Ads subtly mingling with search results confuse users. If unaddressed, AI search will inevitably become the next 'bid ranking'. Balancing businesses' profit motives with users' desire for a clean environment hinges on a three-pronged approach encompassing technology, platform self-awareness, and regulation, not just slogans.
The first step is to 'label' ads clearly, so users can see them distinctly.
Users dislike being deceived, not ads per se. Just like street shops hanging signs, AI platforms must also 'identify' ads. Any paid recommendation spot or merchant-inserted soft article must be labeled 'ad' or 'promotion', accompanied by stringent review, which is technically feasible.
More importantly, users must have the right to choose: Add a 'block ads' switch that users can toggle for a clean experience or activate for price comparisons, with seamless switching. If platforms lack even this basic sincerity and prioritize quick profits, users will eventually abandon them.
For large models, it's also necessary to establish a 'blacklist library' to specifically block low-quality, deceptive ads, preventing them from polluting training data. Otherwise, AI will learn falsehoods, and its answers will only become less reliable.
The second step is for platforms to set clear rules.
While platforms compete fiercely over performance and monthly active users, they cannot overlook GEO chaos.
If ads are allowed to proliferate unchecked, AI search will become a dump where 'whoever pays more gets promoted'. Platforms must proactively set red lines: For instance, ad content within a single answer cannot exceed a certain proportion; the algorithm's commercial content weight coefficient should also be made public, enabling everyone to understand the recommendation logic and prevent underhand tactics.
The third step is for regulation to keep pace, with penalties for deceit.
Hunan recently issued a new regulation requiring AI-generated ad content to be prominently labeled. This is a clear signal: Ads cannot attempt to slip through unnoticed.
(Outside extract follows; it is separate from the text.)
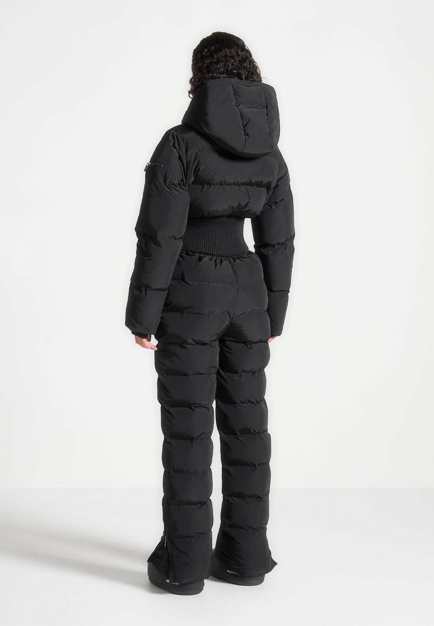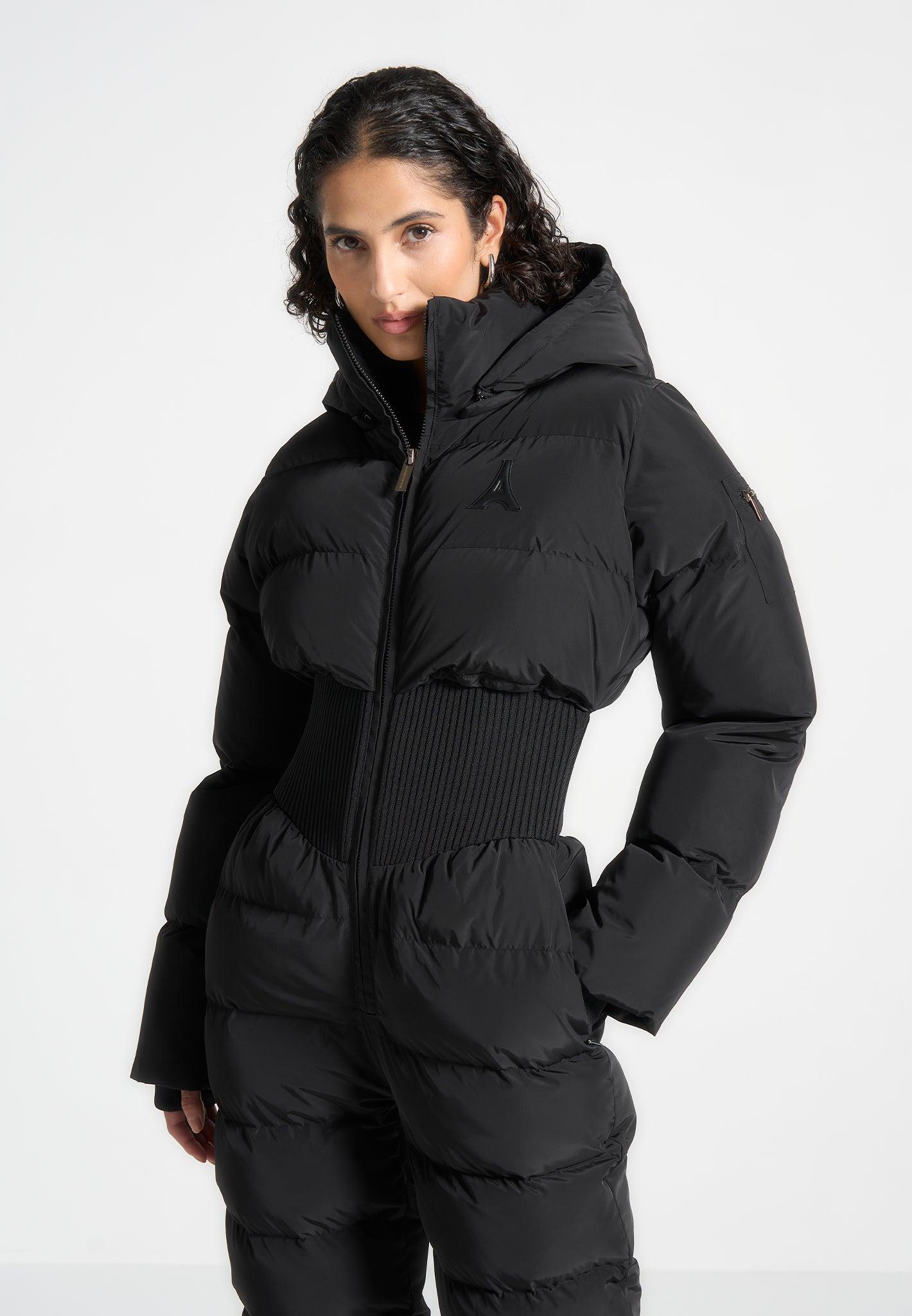 This ski suit offers full-length coverage in a sleek, streamlined silhouette. Ribbed corset detailing adds structure and definition, while practical features including a zipped sleeve pocket and hem zip detail combine functionality with a modern edge. Ski suit construction for full-length coverage Ribbed corset detailing for structure and definition Zipped sleeve pocket for functional storage Hem zip detail for a modern, versatile finish Manière De Voir vegan leather Eiffel to front

However, labeling alone is insufficient; technology must also closely monitor the transaction chain. For example, using blockchain for evidence storage, the advertiser, posted content, and fund flow can be recorded on the chain throughout the entire process, enabling every ad to be traced back to its source.
For marketing firms fabricating false rankings, impose severe penalties. Only by increasing the cost of violations can this unhealthy trend be curbed.
Ultimately, users desire not an 'otherworldly' AI but an intelligent partner that can distinguish between ads and truth. Technology should clearly identify ads, regulation should set boundaries for desires, and AI search can then uphold its original intent: to keep answers clean and trust inexpensive.